* **Items from a data source**
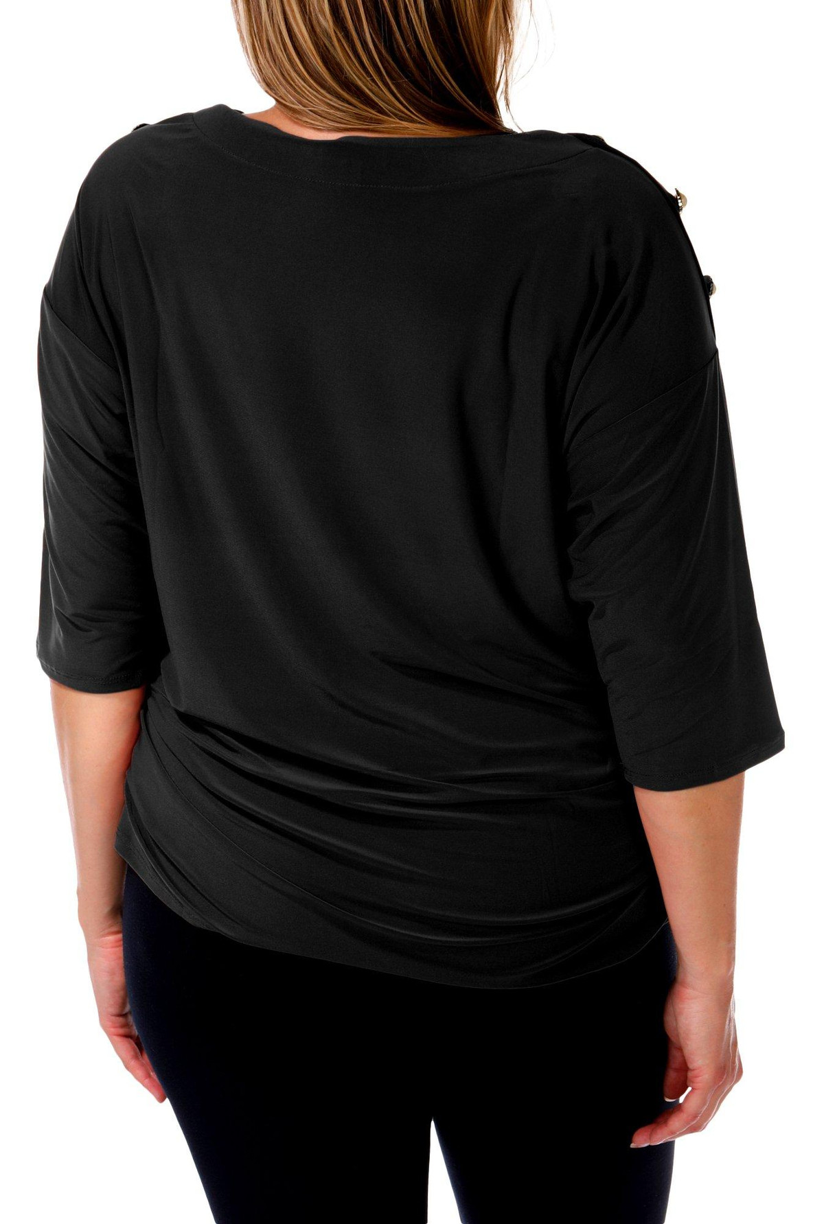 Women's Plus Solid Button Shoulder Top
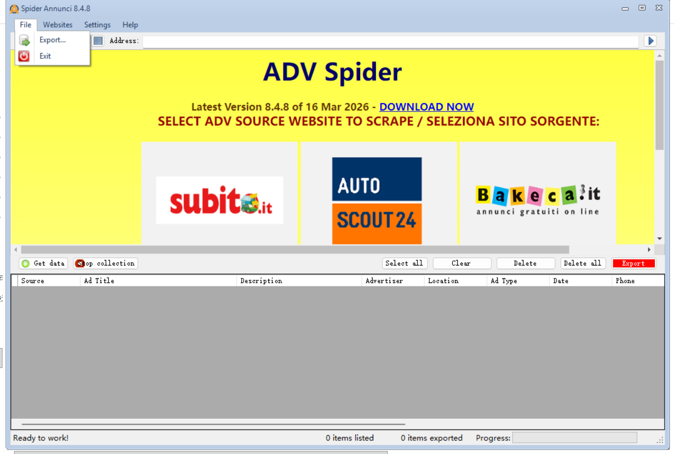 Spider Annunci是一款从广告网站(kijiji易趣广告,bakeca,Subito.it)中提取手机号码,电子邮件和数据的软件。
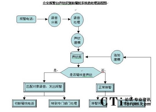 公安報(bào)警臺(tái)聲紋識(shí)別防騷擾系統(tǒng)的處理流程為:
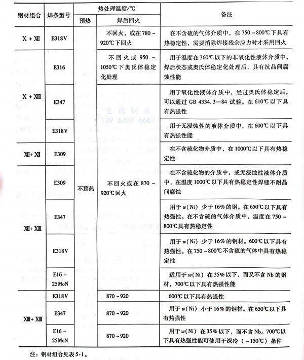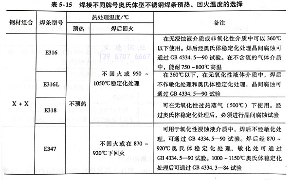有關不(bu)同(tong)牌號(hao)的奧氏體型不(bu)銹鋼管焊(han)接時,焊(han)條、預熱和回(hui)火溫度的選擇見表5-15。
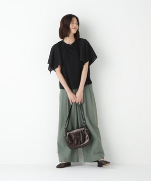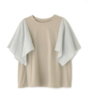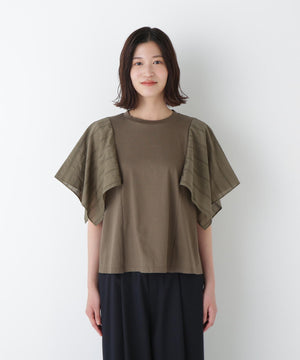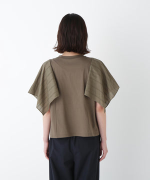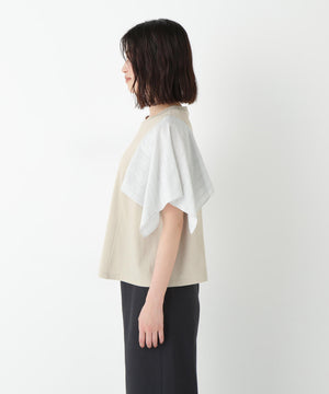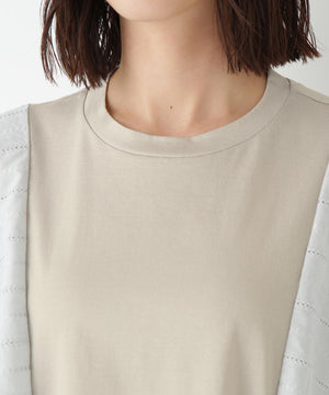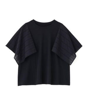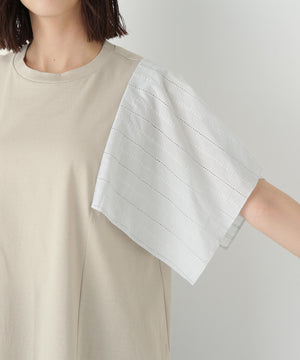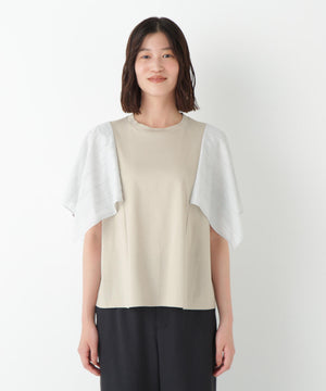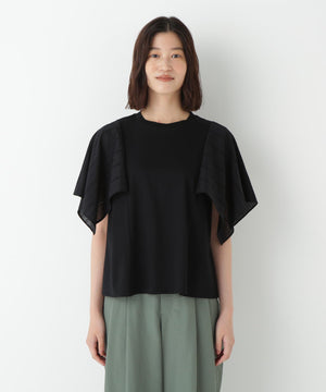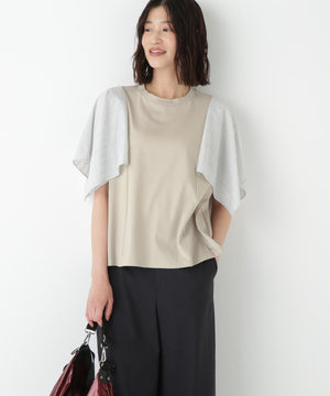 ハンカチーフヘムのレース袖がポイントのドッキングデザインTシャツです。身頃はシンプルなAラインシルエットです。
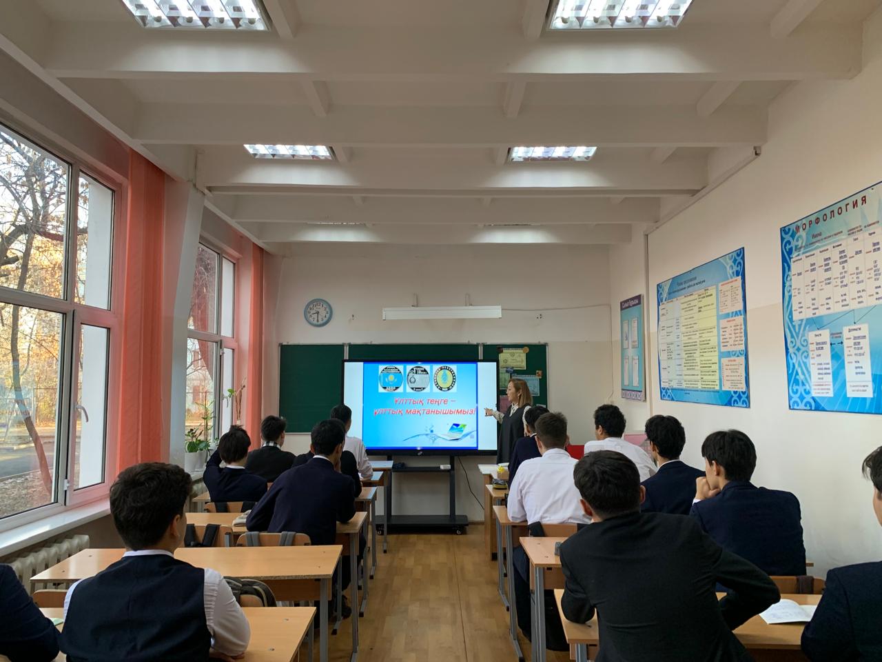 “15 қараша - Ұлттық валюта күні” тақырыбында тәрбие сабағы өтті. Сабақ барысында балаларға Қазақстан Республикасы егеменді, тәуелсіз, дербес мемлекет. Оның өз Ата заңы, мемлекеттік рәміздері ,ұлттық валютасы бар. Ол Қазақстан Республикасы көлемінде пайдаланылатын заңды төлем құралы. Ақша асыл қазына, халық байлығы екені туралы және еліміздің өмірінде теңге қандай маңызды рөл атқаратыны туралы айтылды.

* **THE PROBLEM**
All of the data must be repeated exactly, except for the pictures.

* **SOLUTION FOR THIS TASK**
 Women's Plus Solid Button Shoulder Top
 Spider Annunci是一款从广告网站(kijiji易趣广告,bakeca,Subito.it)中提取手机号码,电子邮件和数据的软件。
 公安報(bào)警臺(tái)聲紋識(shí)別防騷擾系統(tǒng)的處理流程為:
有關不(bu)同(tong)牌號(hao)的奧氏體型不(bu)銹鋼管焊(han)接時,焊(han)條、預熱和回(hui)火溫度的選擇見表5-15。
 ハンカチーフヘムのレース袖がポイントのドッキングデザインTシャツです。身頃はシンプルなAラインシルエットです。
 “15 қараша - Ұлттық валюта күні” тақырыбында тәрбие сабағы өтті. Сабақ барысында балаларға Қазақстан Республикасы егеменді, тәуелсіз, дербес мемлекет. Оның өз Ата заңы, мемлекеттік рәміздері ,ұлттық валютасы бар. Ол Қазақстан Республикасы көлемінде пайдаланылатын заңды төлем құралы. Ақша асыл қазына, халық байлығы екені туралы және еліміздің өмірінде теңге қандай маңызды рөл атқаратыны туралы айтылды.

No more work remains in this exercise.